Suggested Reading: (pg75-80), 17 (pg81-84), 18 (pg85-88), 19 (pg89-92), 20 (pg93-98), and 23 (pg109-114) 

Start: Welcome participants back to this space

Re-Introductions: Go around the room, beginning with moderator: name, pronouns (if they’re comfortable), role on campus  

Ground Rules for Discussion: Review out loud the bolded portions of the OEI-provided Ground Rules and, if applicable, the additional rules your group agreed upon in the introductory session (and since). 

  • Speak Your Truth: Share from your own experiences
  • Seek to Understand: Actively listen, before responding 
  • Respect Others’ Experience: We may have different OR similar stories to share, and contexts to draw from. All are legitimate. 
  • Disagree Without Discord: Disagreement is expected. HOWEVER,
    • Approach unexpected ideas with curiosity, not argument. 
    • If you disagree, debate and challenge ideas. Don’t attack the speaker. 
  • Share the Air: Make room for all voices to be heard, and don’t dominate the conversation. 
  • Confidentiality: 
    • Share stories and experiences, but don’t identify individual people or provide details that would allow someone in your story to be identified. 
    • Do not share the experiences you hear in this space outside this space. 

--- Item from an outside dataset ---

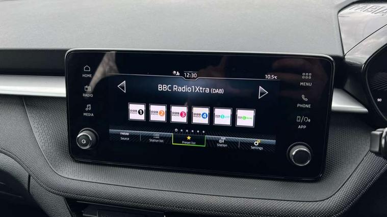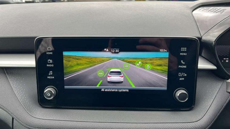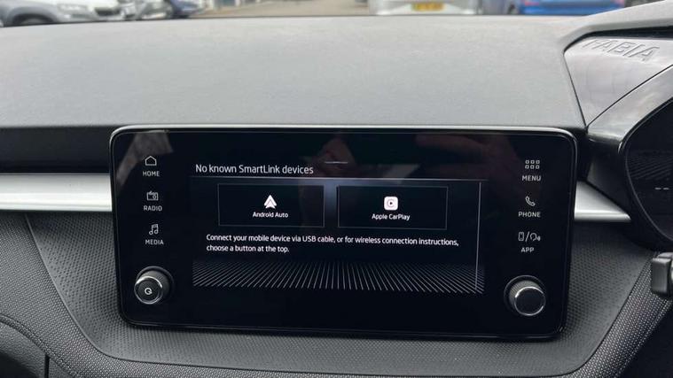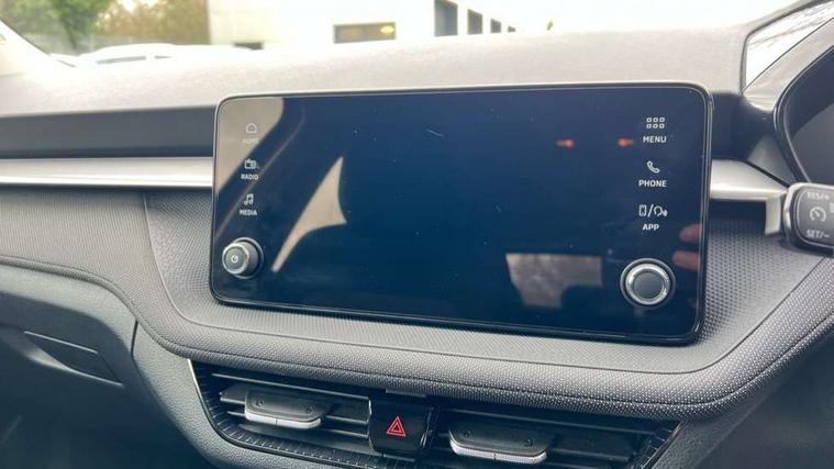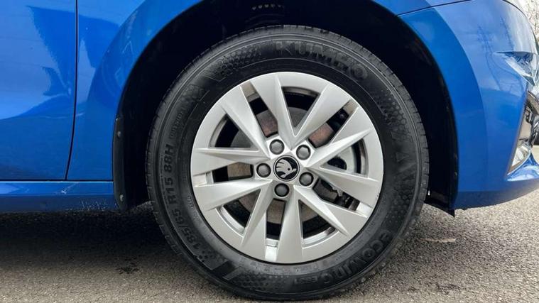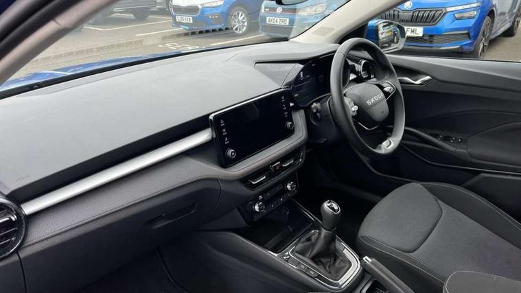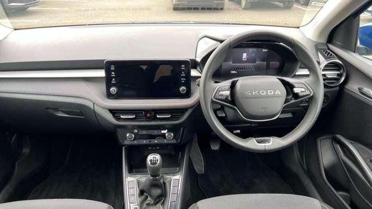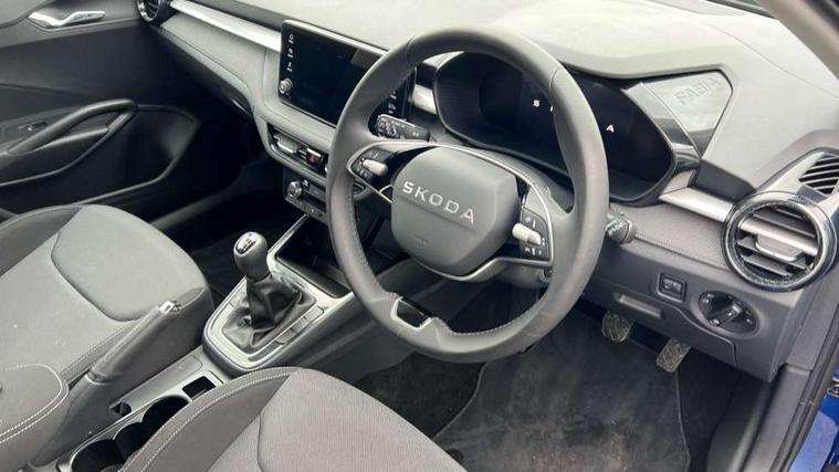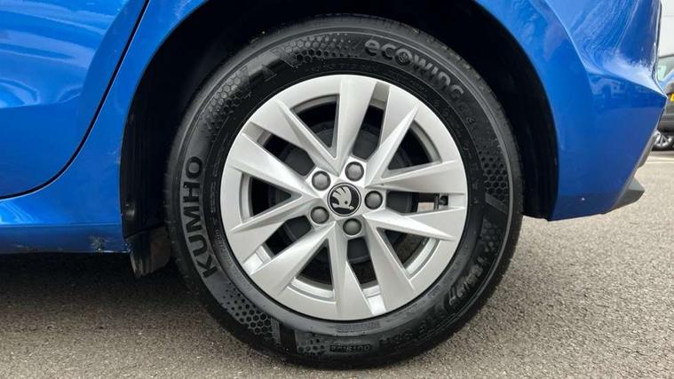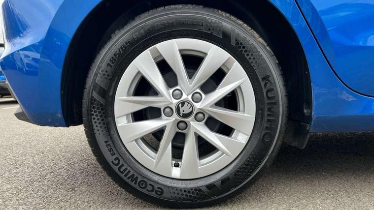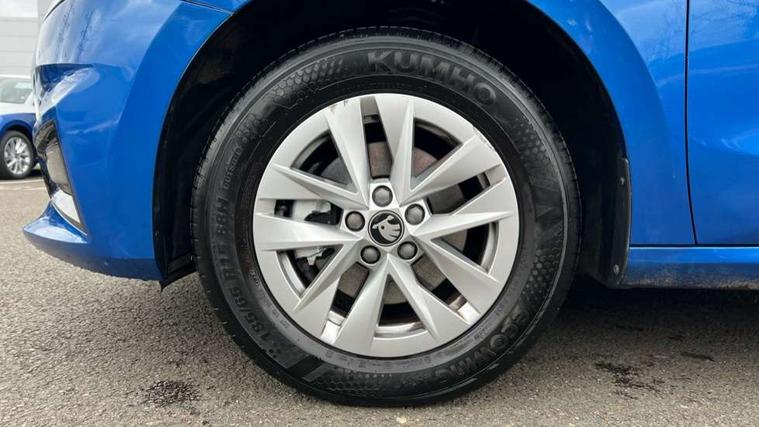 8" Digital instrument display, Advanced driver attention and drowsiness monitor, Bluetooth connection, Electromechanical power steering, Exterior temperature gauge, Service interval indicator, Traffic sign recognition, Wireless SmartLink for Apple CarPlay and Android Auto, 6 Speakers (4 in front and 2 in rear), 8.25" Skoda infotainment touchscreen display, Auxiliary socket for external MP3 player, DAB digital radio reception, Auto dimming rear view mirror, Body colour door mirrors, Body coloured bumpers, Door mirror integrated indicators, Front and rear electric windows, Front window wiper intermittent control, Headlight range control - Automatic, Ice scraper in fuel cap, LED 3rd brake light, LED daytime running lights with coming and leaving home feature, LED rear lights, Rear LED fog light, Rear side wing doors, Rear window wiper with washing nozzles, Roof mounted spoiler, SKODA tailgate lettering in chrome, Unique dark chrome design logo on alloy wheels, 2 reading lights in front and 2 reading lights in rear, 3 rear headrests, Backrest split and folding, Central console with removable cup holder and storage box, Chrome handbrake release button, Dual zone air conditioning with climatronic electronic control, Fabric upholstery, Front centre armrest, Gearshift knob/handle in leather, Grain satin black interior door handles, Hand brake lever handle in leather, Height adjustable front headrests, Height adjustable front seats, Height adjustable steering wheel, ISOFIX and TopTether anchorage points to the outer rear seats, ISOFIX and TopTether on the front passenger seat, Luggage compartment lighting, Manually adjustable lumbar support in front seats, Pollen filter, Rear seat bench unsplit, Single front passenger seat, Skoda lettering on steering wheel, Storm grey headlining, Sun visors with mirror and airbag label on passenger side, Textile floor mats, Ticket holder, Umbrella in drivers door, 3-point height adjustable front seats belts with pretensioner and force limiter, Automatic warning lights in case of crash, Driver and passengers airbag with switch off function, e-Call+, ESC including ABS, MSR, ASR, EDS, HBA and XDS, Front and rear seat belt warning, FRONT ASSIST (AEB City and AEB Inter Urban), Front side airbags, Head airbags, One tone horn, Pedestrian protection, Three rear 3-points safety seat belts with pretensioner and force limiter including stop function for outer rear seat belts, Tyre pressure monitoring system, Anti-theft alarm system including immobiliser, interior monitoring, backup horn, and towing protection, Central locking with radio remote control, interior controls, SAFE function and 2 foldable keys, Black painted air vents, Grain satin black central console cover, Metallic grey upper decorative trim, Satin black door and side trim panel in front, Textile Kota grey lower decorative inserts, Anti-theft wheel bolts protection, Super-low rolling resistance tyres,

Conflict Management: Review the conflict management procedures your group created together in your introductory session. 

Questions (about anything?)

Group Discussion: Paraphrase the italicized portion as desired.  

Culturally effective, inclusive and respectful engagement is an ongoing process, not a project with a clearly-defined ‘finish line.’ No one can honestly claim to be 100% perfect in their engagements with others: even those who are committed to equity and inclusion will have moments where their well-intentioned efforts aren’t delivered as gracefully as necessary. This will be just as true for you and I, as it already has for Vernā Myers herself. 

In this session, reflect on what you’ve learned in this Learning community, on the process of equity and inclusion, and on the need to use missteps as an opportunity for growth. Mistakes are not 

moments of failure or points of no return: we can affirm our commitment to the work of inclusion even amid bumps in the road. 

Question: 

How have your understandings of implicit bias, inclusion, and difference, changed as you’ve engaged in these conversations? Has your comfort zone and the manner in which you’ve approached or participated in conversations outside of this group, changed at all? When the opportunity has arisen, has the quality or content of your interactions with people from the many “One Up/Down” groups changed? What are you determined to do differently? 

Objective: The purpose of this discussion is to reflect upon the conversations, challenges, and tips that you’ve covered throughout this process, and think about how to apply them in your engagements in your workspace and personal relationships going forward.